Notwithstanding these implementations, restaurateurs seem to continue to want to move away from the aggregator models. Last year, restauranteurs conglomerated to revolt against several practices by these apps, such as deep discounts and data hoarding. That sentiment hasn’t waned. Devidayal asserts, “The idea is to eventually break away from aggregator models.” To that end, many restaurants have apparently begun building white-label websites to create individual portals for food delivery. “There are a lot of tech innovations in place within the restaurant industry. For Magazine Street Kitchen, for example, we tied up with Near.Store. It’s not a white-label website, but more like an online grocery store, and since baked goods fall under this category, it worked for this particular brand. But for The Table and Iktara, we’re working on their individual websites,” Devidayal revealed.

New rules for the new normal

In early June, F&B entrepreneur Karan Tanna and Mumbai-based restaurateur, Pawan Shahri launched Bro Eats, a new food aggregator app, in a bid to mitigate the issues the restaurant is currently facing with traditional food delivery platforms. Bro Eats’ core USP is that it offers restaurant partners a subsidised commission rate of 5 per cent, as opposed to 25 to 30 per cent, which is the norm with apps like, Swiggy and Zomato. “To start off with, we were figuring different ways to do deliveries for our own brands. Considering that delivery is going to account for a massive chunk of our revenues in the coming months, we couldn’t completely depend on the current aggregator models because of the commission percentage they charge. We wanted a model, where customers could reach out to us directly and there is no compulsion on restaurants to depend for an end-to-end service model, meaning they could carry out delivering the food on their own accord, if they so wish,” Shahri says, explaining the genesis of the app. While it may seem like a time for aggregators and restaurateurs to join forces, the issue of high commission rates – and the cumulative setback it is going to create – negates any chances of a détente. 

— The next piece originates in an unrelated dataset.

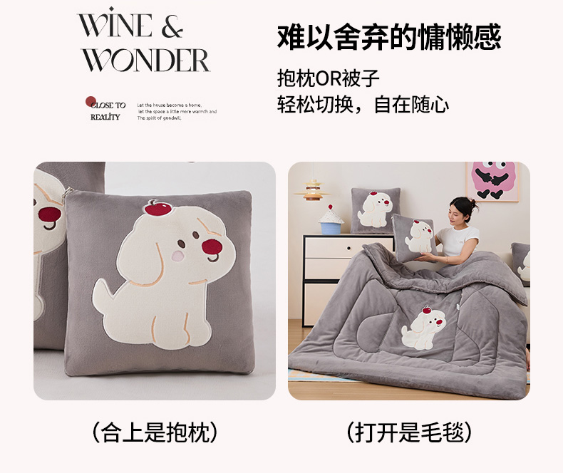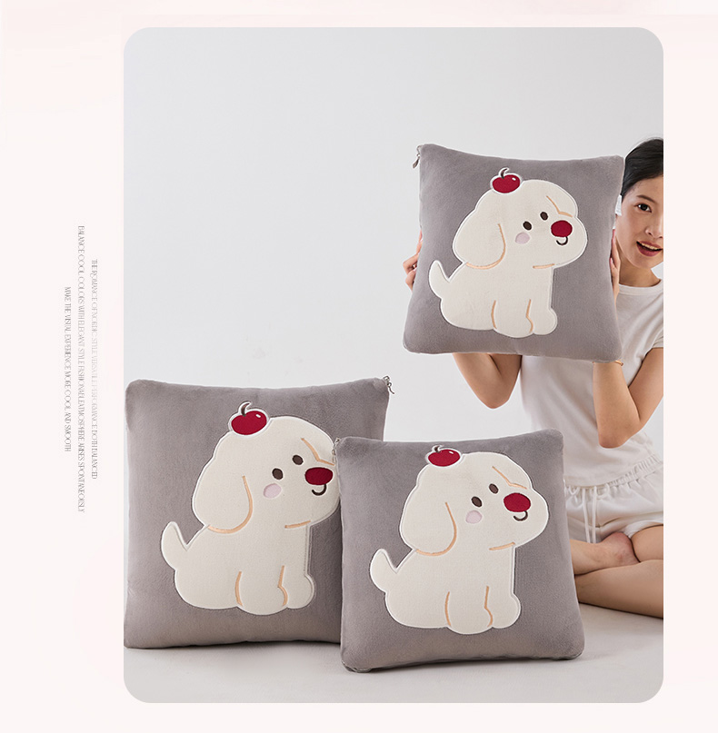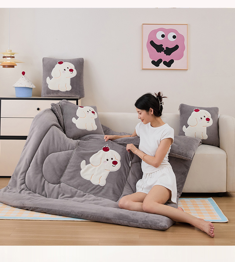 哩哩熊2025抱枕被子两用加厚牛奶绒二合一汽车载枕头办公室午睡毯子冬天靠枕-樱桃小狗 樱桃小狗-深灰

Increased tech improvements and further diversification is expected in the coming months. Speaking for Bro Eats alone, Shahri reveals the apps’ interest in delving into creating dine-in experiences in collaboration with restaurants – this is expected to be a huge new segment with dining out being a tricky terrain – and tapping into the pool of home chefs and independent F&B players. What else the world of food has in store for us in the new normal, we’ll have to wait and watch. Until then stay safe and stay fed.